DMSO Mock-Treatments
To create mock-treatments, we select the DMSO well that is in the same row as the treatment and take the mean of all of the cell measurements. Since we did not have access to the well-level measurements from Singh et al. (2014a) and Pawlowksi et al. (2016), the were excluded from this analysis, and we used the Means approach of Ljosa et al. (2013) instead. All concentrations of the compound are in the same row and thus receive the same mock-treatment, but they will not be matched by either NSC or NSCB. The 1-NN classification is then computed as above.
The odds for random chance are calculated as follows. The number of correct by random chance is calculated using the fraction correct based on random matching of MOA multiplied by the total number of treatments. The number of incorrect by random chance is the total number of treatments minus the number of correct by random chance, and the odds are correct/incorrect.
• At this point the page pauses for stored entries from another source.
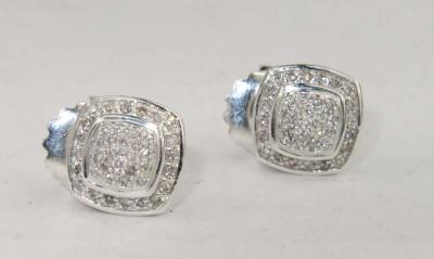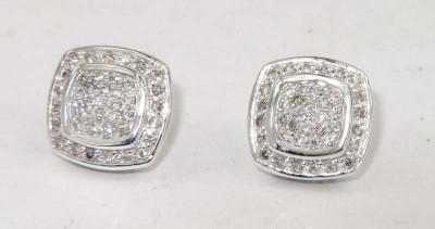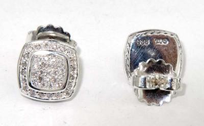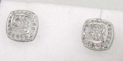 David Yurman Silver Diamond Earrings. Earring's weight: 8 grams. The weight of Diamond: 1.02 cts.,approximately. I color, SI clarity. The measurements of the earrings is 11 x 11 mm and 6 mm in thickness.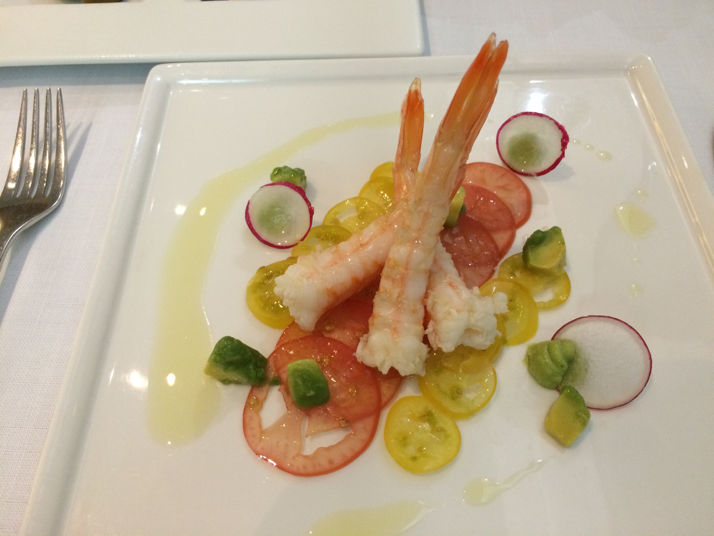 I made my way to the dining room. Though they have min-buffets every few gates, and the food there looked great, I wanted to try out the dining room, since they had a menu too. In either case the min-buffets or here you had a large self-service are plus full bar with many choices. I was currently on an all Voss water diet so that’s all I consumed. The waiter was slightly shocked when I said I’d pass on wine.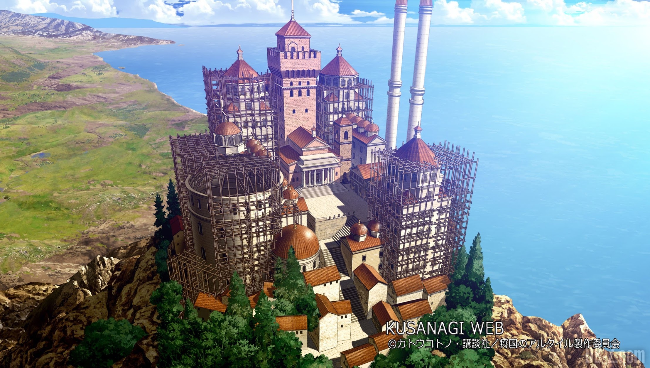 Voici le croquis du palais qu’a dessiné Sue-san, suivi de sa coloration :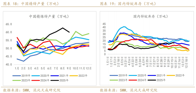 不同于海外,国内精锌供应增量则兑现的十分流畅。随着全球矿端供应的增加,TC持稳上行,冶炼厂冶炼利润增加,生产积极性增加,国内精锌供应持续增长,据SMM数据显示,2025年1-9月精锌产量506.9万吨,同比大增8.9%。
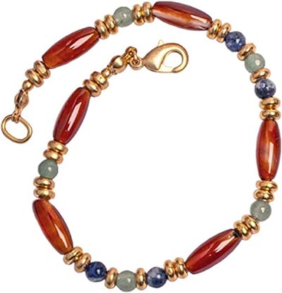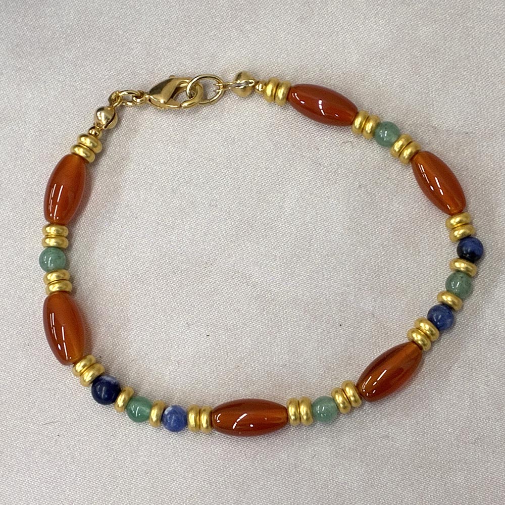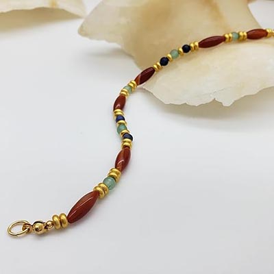 This handmade beaded bracelet is Egyptian inspired and invokes a sense of Cleopatra.Ancient Egypt, one of the richest and most advanced of the early civilizations, appeared on the stage of history around 3100 B.C. (Dynasty I). Hieroglyphic scripts and tomb decorations document the Egyptians' belief in the after-life, their mythology and deities. Jewelry was often worn as protective talismans.High-quality 18K gold plated parts along with genuine gemstones and beads.Made in the USAThe bracelet is 7.5 inches long with a lobster claw closure.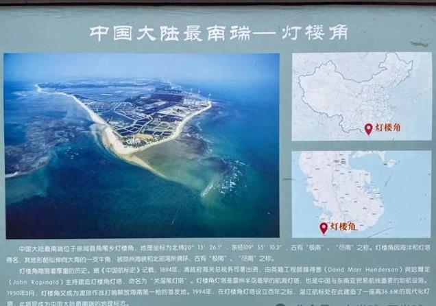 中国大陆最南端位于广东省湛江市徐闻县角尾乡灯楼角,它被琼州海峡和北部湾所环拥,地形似伸向大海的牛角,并与海南岛隔海相望,也被称作中国大陆南极村(图一至图三)。灯楼角尖形的沙洲是琼州海峡和北部湾潮流的合水线,两个海区的海水在此相互拍打(图四、图五)。灯楼角曾于1894年建造了雷州半岛最早的航海灯塔(图六),百年后的1994年又在此处新建了一座现代化的灯塔(图七),成为中国大陆最南端的地理标志。灯楼角还是1950年中国人民解放军解放海南岛渡海作战的启渡点,至今还能看到当时的作战指挥所和无名烈士墓(图八、图九)。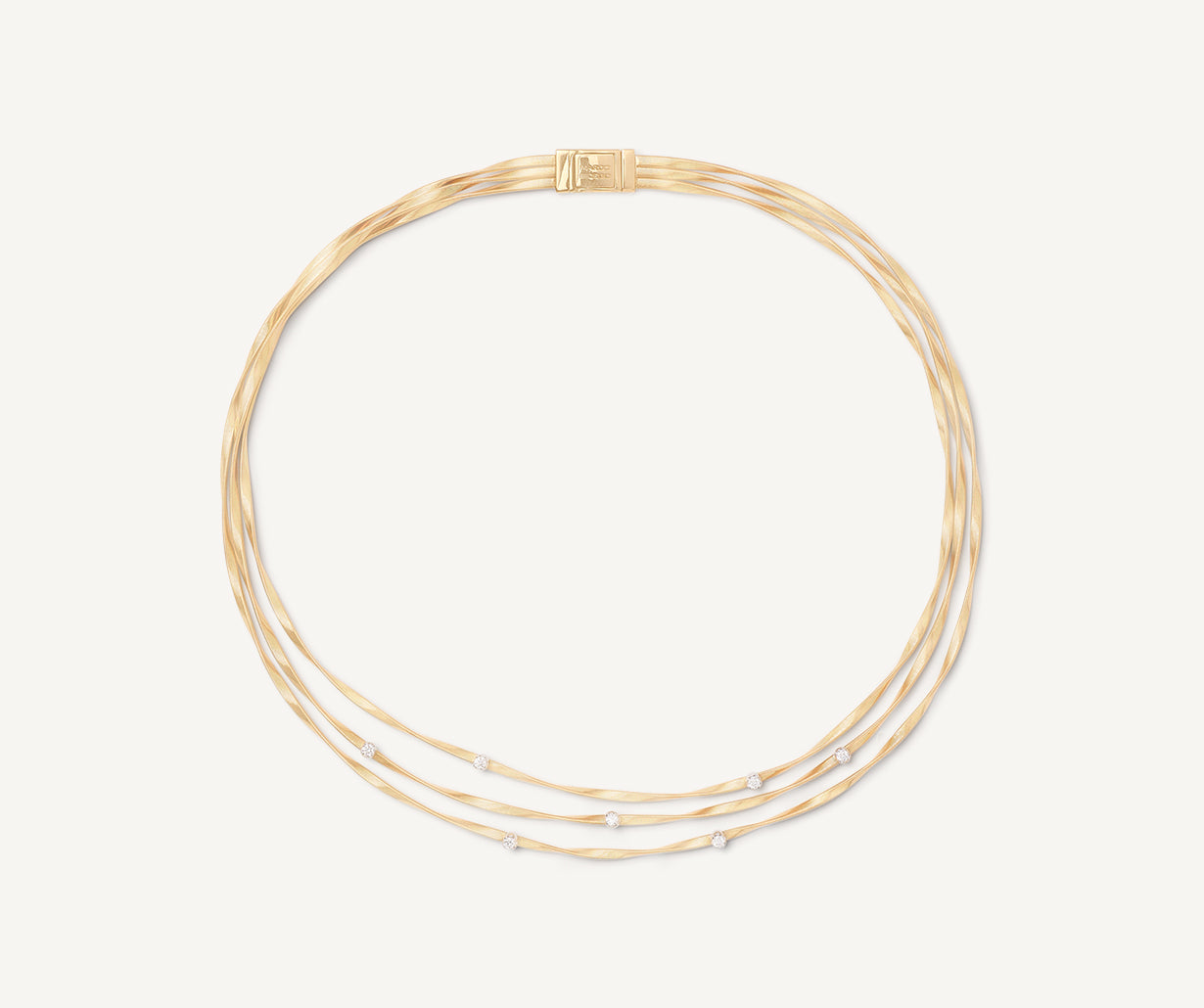 Seven brilliant-cut diamonds add a touch of dazzling sparkle to this elegant three-strand, twisted coil necklace in 18kt yellow gold. A jewelry piece that is sure to turn heads.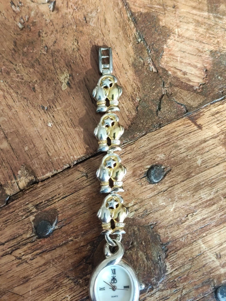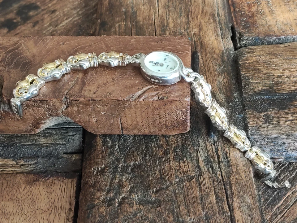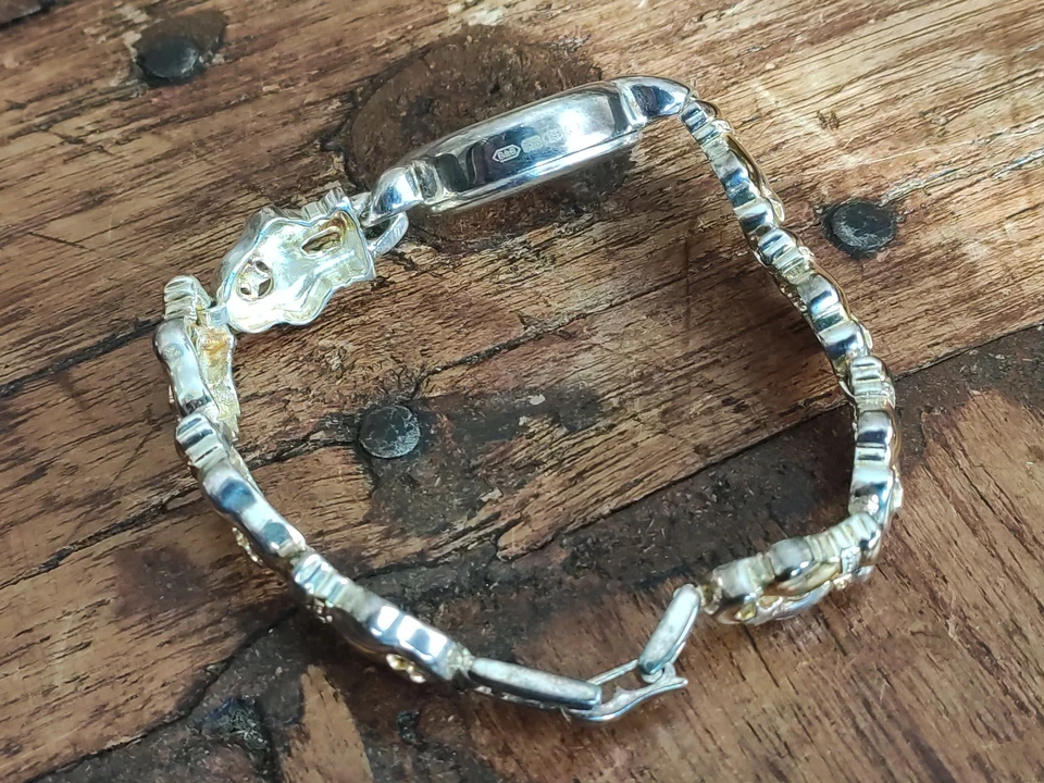 Sterling Silver  & 18ct Gold Plated Brooks & Bentley Watch Bracelet Cats Design
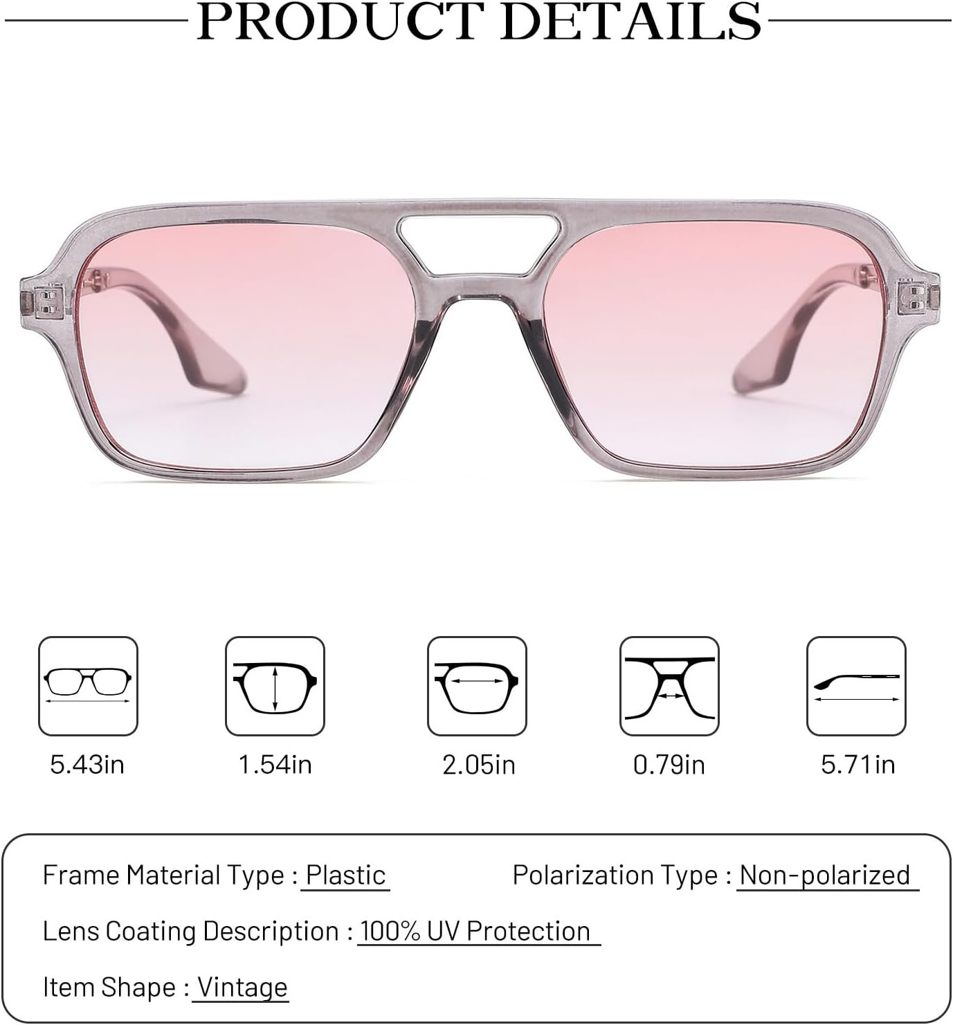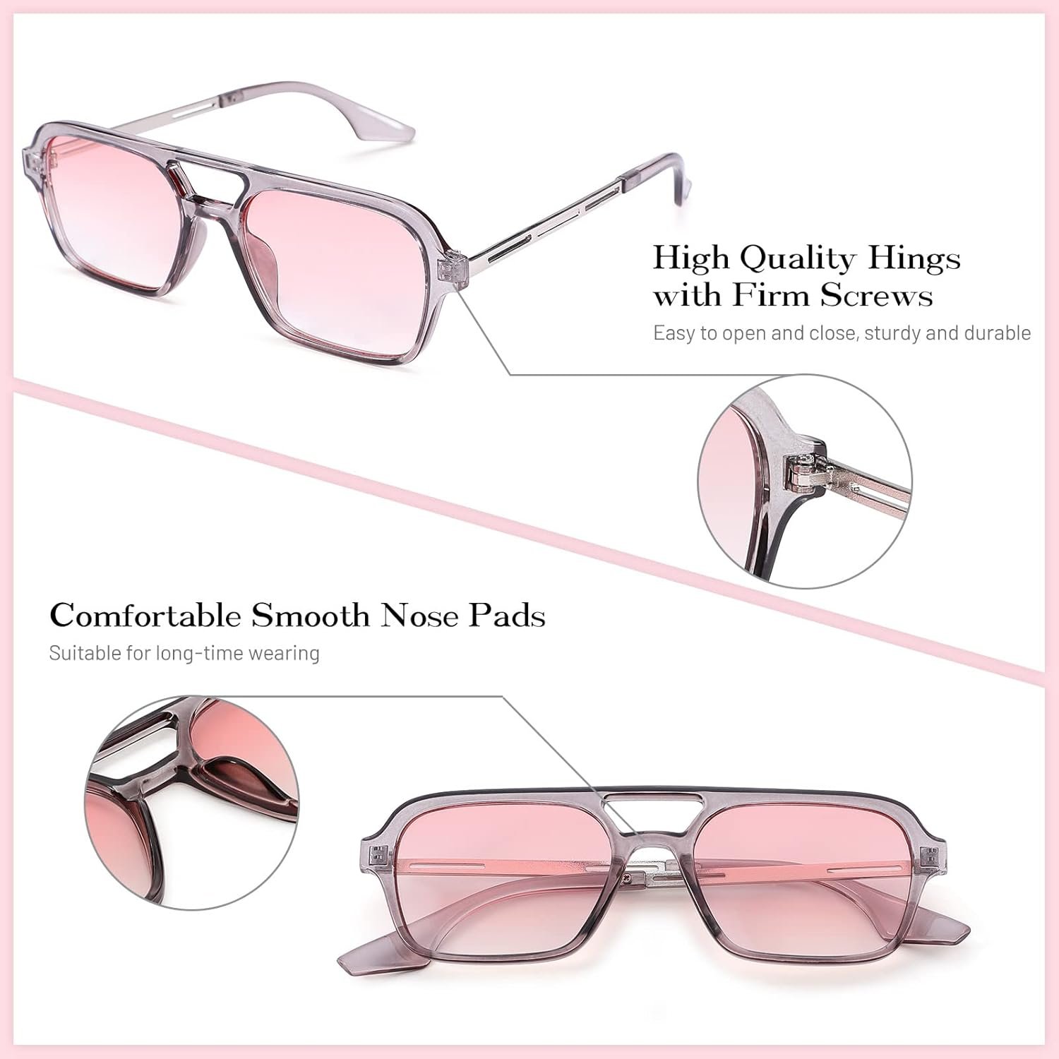 Introducing the Translucent Purple Square Sunglasses with Pink Gradient lenses, a stylish accessory that effortlessly combines fashion and function. These sunglasses feature a modern square frame crafted from high-quality, lightweight materials, ensuring comfort during extended wear. The translucent purple hue adds a playful yet sophisticated touch, making them a perfect statement piece for any outfit. The pink gradient lenses not only provide excellent UV protection but also enhance visual clarity, allowing you to enjoy sunny days with confidence. Ideal for both casual outings and chic events, these sunglasses are designed to elevate your look while offering practicality. Whether you’re lounging by the pool or exploring the city, the Translucent Purple Square Sunglasses are a must-have addition to your accessory collection. Embrace a trendy aesthetic while protecting your eyes with this exquisite pair of sunglasses, designed for those who appreciate quality and style.
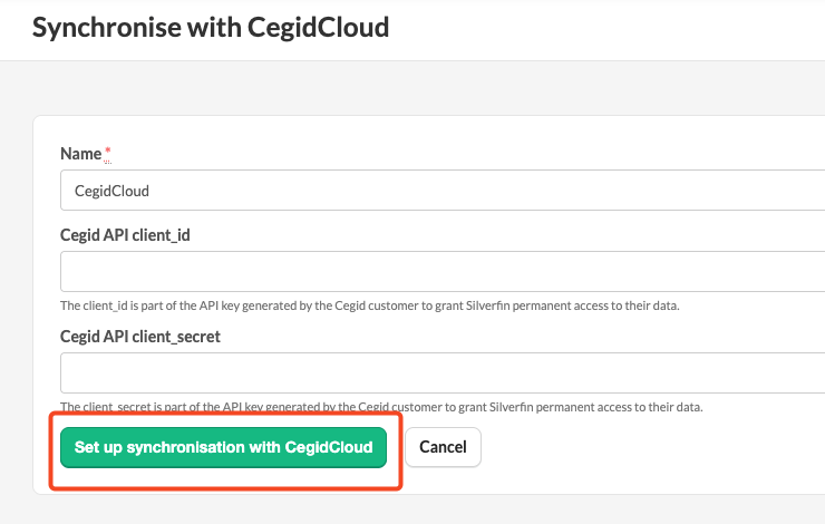- Fill in the relevant fields and click 'Set up synchronisation with CegidCloud'.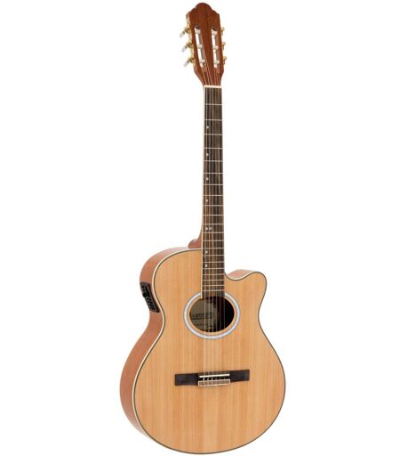 Guitare classique 4/4 Contenu de l'emballage 1 x instrument, 1 x pile, 1 x clé hexagonale, Batterie: 1 pile 9,0 V E bloc 6F22 zinc-carbone intégrée, Cou: Acajou,Touche: noyer, Corps: 4/4 Forme en coupeacajou, Longueur de l'échelle: 650 mm, Largeur de la noix: 43 mm, Pont: Érable, Nombre de cordes: 6, Égaliseur: 1 x contrôle de tonalité à 3 bandes, Haut: épicéa, Couleur: Nature, Poids: 2,00 kg ...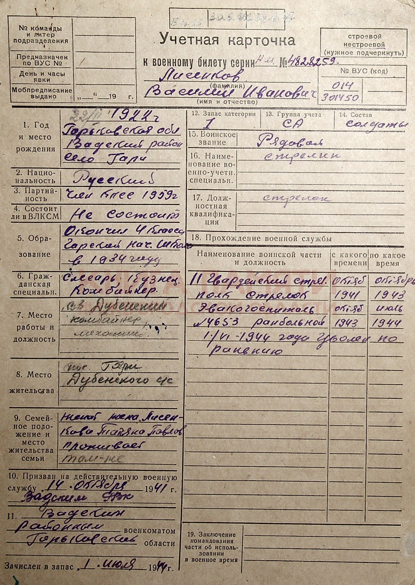 1.07.1944 г. уволен по ранению.

Mixed Effect Model of Batch Variation
To compute the contribution of batch to the embeddings, we restrict our analysis to the negative controls, and we calculate a mixed effect model using the “lmer” function in the “arm” package (Gelman and Hill 2007). The model was fit with batch as a fixed effect and a unique identifier for the image as the random effect.
Dose-Response Distance
Although we compute our own nuclei centers as above, we restrict the analysis to compounds that were defined in Ljosa et al. (2013) but extend to all concentrations rather than just the concentrations defined as active. We perform Typical Variation Normalization and compute the distance to each cell using the euclidean distance to the center of the DMSO negative controls. The distance for each image is then the mean of all of its cell distances.
Acknowledgements
We would like to thank members of the Google Accelerated Science team for their thoughtful discussion and feedback on early drafts of this paper, in particular Geoff Davis, Michelle Dimon, Steven Kearnes, Jason Miller, Philip Nelson, Annalisa Pawlosky, Patrick Riley, and Samuel Yang.
We would also like to thank Anne Carpenter, Neil Carragher, Nick Pawlowski, and Shantanu Singh for their generous aid in understanding the BBBC021 dataset and helpful discussion of their analyses.